[Dataset entries]
■ ■ ■ ■ ■

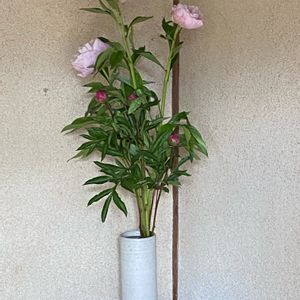 こんにちは😃 土曜日からお天気悪くてやっと晴れ間が🌤️ 24℃を超えました😅 お稽古も芍薬七本のお生花🌸 ピンク三本開いてきたけれど、手前の赤い方はツボミがまだまだ硬くてどうだろう😰
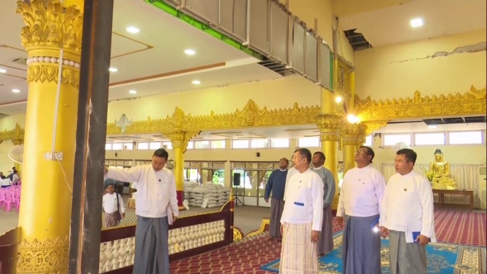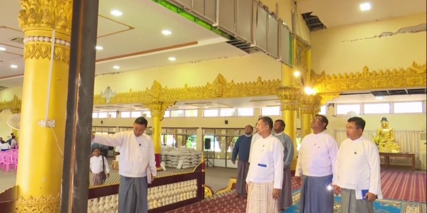 Union Minister for Religious Affairs and Culture U Tin Oo Lwin, accompanied by officials, on August 18, inspected the damage caused by the Mandalay earthquake on March 28.
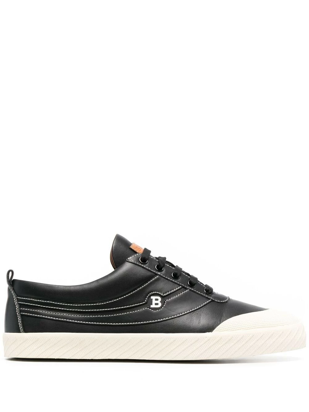 Coutures contrastantes, broderies, languette à patch logo, logo imprimé sur le côté, fermeture à lacer sur le devant, semelle plate en caoutchouc. Couleur : noir. Matière : cuir.
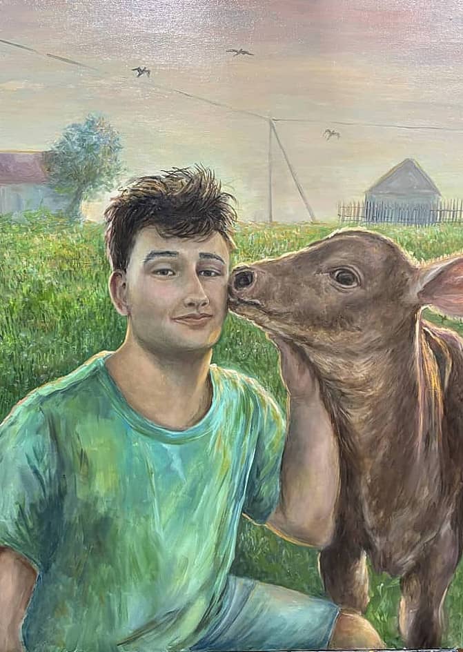 Никитина ферма Это Никита Долгов, молодой фермер из Ярославля. Позитивный молодой человек на ком земля русская дежрится.. Имеет фермерское хозяйство; коровник , телята, куры , инкубатор, козы , 11 кошек возле коровника потому что молоко есть.. Сам он ветеринар. На картине первая прогулка теленка . Теленок чувствуя доброе отношение облизал и поцеловал своего хозяина. 2025
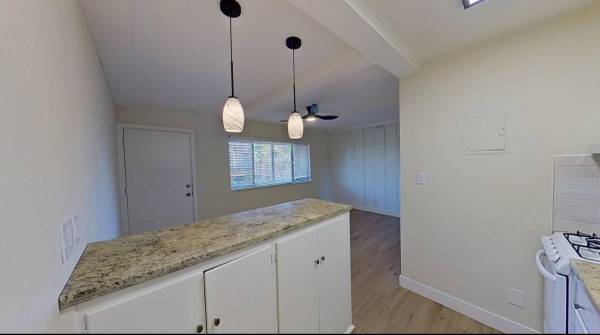 This is a stunning 1-bedroom, 1-bath apartment in a peaceful, family-friendly neighborhood on 336 E 20th St, just under 10 minutes from the beach! Step into a spacious living room with beautiful flooring and a large window that fills the space with natural light. The open layout flows into a stylish kitchen equipped with a stove, oven, and refrigerator, featuring elegant white cabinetry, sleek countertops, and a bar-style counter for casual dining.
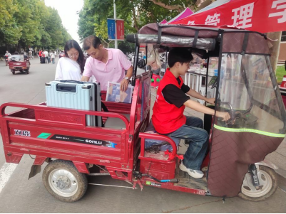 早上六点,我院的志愿者们就已准备就绪,各司其职,热情满满地迎接新一届的学子们。在校门口,志愿者们身穿蓝色马甲,手举标牌,骑着电动三轮车,组成了迎新的第一道风景线。他们热情地为新生提供引导,帮助他们顺利找到报到地点,同时承担起行李搬运等琐事,使得新生可以轻松地开启他们的大学生活。在春秋大道的迎新注册点,提前布置妥当的志愿者们已将新生录取名单、报到流程等资料一一准备就绪。每位志愿者都耐心地为新生解答疑问,确保他们能够理解报到的每一步流程,并亲自协助新生填写相关表格,完成报到注册。无论是解答对校园环境的好奇还是指导如何加入各类社团,志愿者们都表现出了极大的耐心与热情,为新生们带来了温暖与帮助。总之,在老师与志愿者的分工合作、协调配合下,新学期的迎新活动圆满完成。
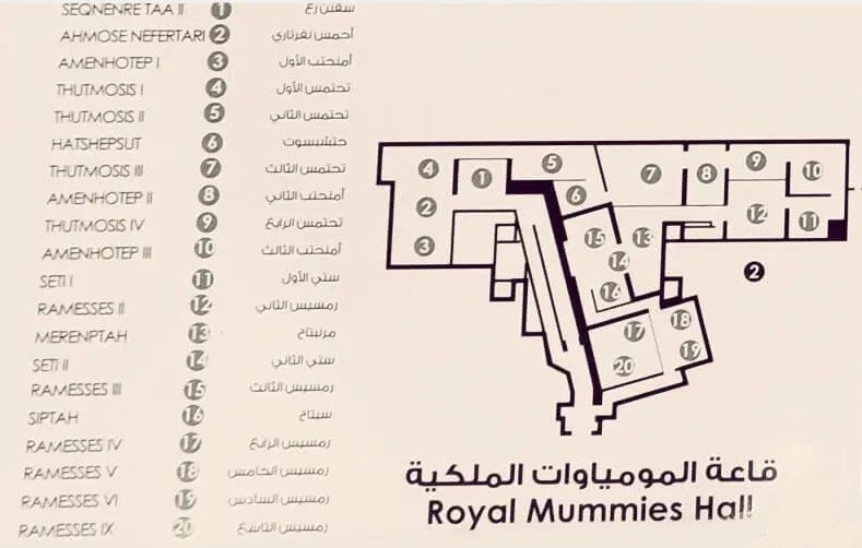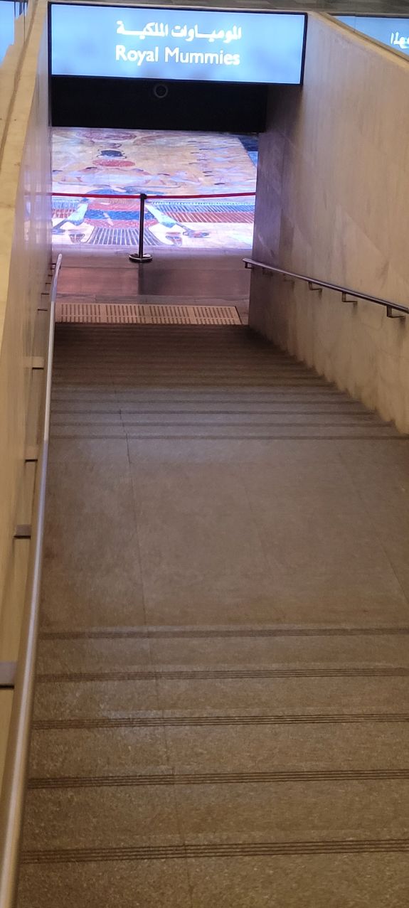 Mummies Hall (Hall de las momias) es, posiblemente, la zona estrella del museo. A ella se accede por una rampa que parece buscar un efecto inmersivo en el visitante, evocando la experiencia del Valle de los Reyes.
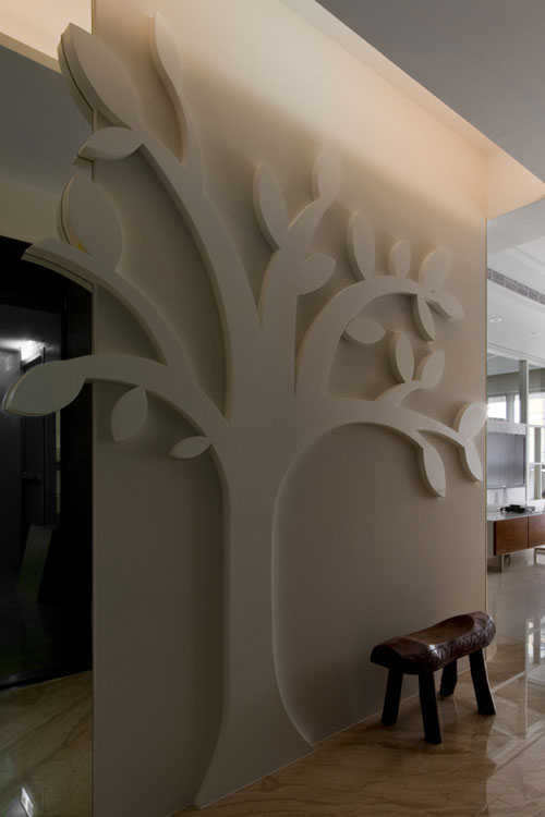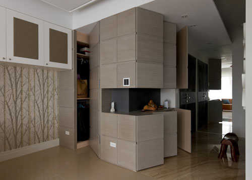 欲在100多平米的空间裡规划3+1房,并拥有强大的收纳机能,完全就是考验设计师的功力。玄关的收纳鞋柜以上下柜方式呈现,中间留白的平台设计去化柜体的量感,呼应大树造型的立体方格木质柜门,向内转折进入客厅场域,延伸的线条直抵客厅底墙,串连起两个场域之外,还将拥有超大收纳容量的储藏室藏身在一体成形的木质门片后方。而沙发背墙处的横梁下方是设计师收纳客厅什物的绝佳选择,沿墙面而设的上吊柜以白色烤漆为底,中间再跳以灰色绷布软化冷硬的柜体线条,下方的玻璃柜体开放设计,让屋主的收藏珍品有完善的展示空间。
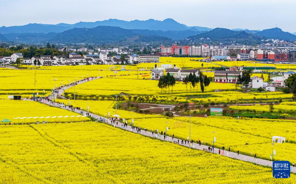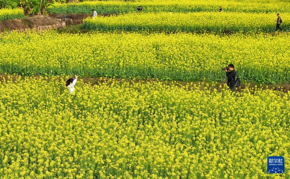 3月16日,游客在四川省广安市广安区花桥镇花桥村油菜花海中踏青赏花(无人机照片)。
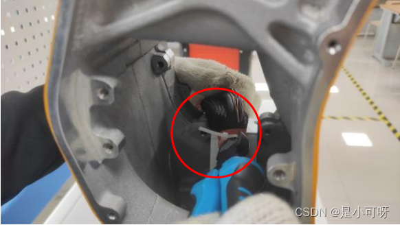 (3)将固定管线的轧带用斜口钳剪断,使用M4力矩扳手拆卸钣金件M4螺丝2个,再将管线从关节处过线。
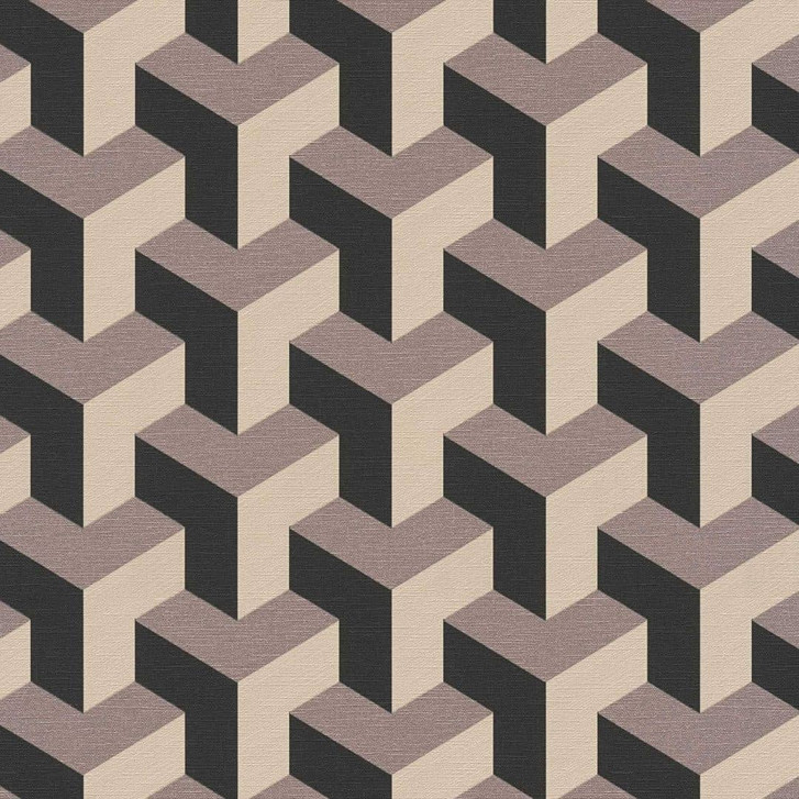 3D-Tapete Würfelmuster Schwarz Beige Grau – Geometrische Vliestapete modern

■ ■ ■ ■ ■

**Exercise**
With the pictures left out, restate word for word every line of the data above, from the first down to the line that contains "Mummies Hall (Hall".

**Answer**
 こんにちは😃 土曜日からお天気悪くてやっと晴れ間が🌤️ 24℃を超えました😅 お稽古も芍薬七本のお生花🌸 ピンク三本開いてきたけれど、手前の赤い方はツボミがまだまだ硬くてどうだろう😰
 Union Minister for Religious Affairs and Culture U Tin Oo Lwin, accompanied by officials, on August 18, inspected the damage caused by the Mandalay earthquake on March 28.
 Coutures contrastantes, broderies, languette à patch logo, logo imprimé sur le côté, fermeture à lacer sur le devant, semelle plate en caoutchouc. Couleur : noir. Matière : cuir.
 Никитина ферма Это Никита Долгов, молодой фермер из Ярославля. Позитивный молодой человек на ком земля русская дежрится.. Имеет фермерское хозяйство; коровник , телята, куры , инкубатор, козы , 11 кошек возле коровника потому что молоко есть.. Сам он ветеринар. На картине первая прогулка теленка . Теленок чувствуя доброе отношение облизал и поцеловал своего хозяина. 2025
 This is a stunning 1-bedroom, 1-bath apartment in a peaceful, family-friendly neighborhood on 336 E 20th St, just under 10 minutes from the beach! Step into a spacious living room with beautiful flooring and a large window that fills the space with natural light. The open layout flows into a stylish kitchen equipped with a stove, oven, and refrigerator, featuring elegant white cabinetry, sleek countertops, and a bar-style counter for casual dining.
 早上六点,我院的志愿者们就已准备就绪,各司其职,热情满满地迎接新一届的学子们。在校门口,志愿者们身穿蓝色马甲,手举标牌,骑着电动三轮车,组成了迎新的第一道风景线。他们热情地为新生提供引导,帮助他们顺利找到报到地点,同时承担起行李搬运等琐事,使得新生可以轻松地开启他们的大学生活。在春秋大道的迎新注册点,提前布置妥当的志愿者们已将新生录取名单、报到流程等资料一一准备就绪。每位志愿者都耐心地为新生解答疑问,确保他们能够理解报到的每一步流程,并亲自协助新生填写相关表格,完成报到注册。无论是解答对校园环境的好奇还是指导如何加入各类社团,志愿者们都表现出了极大的耐心与热情,为新生们带来了温暖与帮助。总之,在老师与志愿者的分工合作、协调配合下,新学期的迎新活动圆满完成。
 Mummies Hall (Hall de las momias) es, posiblemente, la zona estrella del museo. A ella se accede por una rampa que parece buscar un efecto inmersivo en el visitante, evocando la experiencia del Valle de los Reyes.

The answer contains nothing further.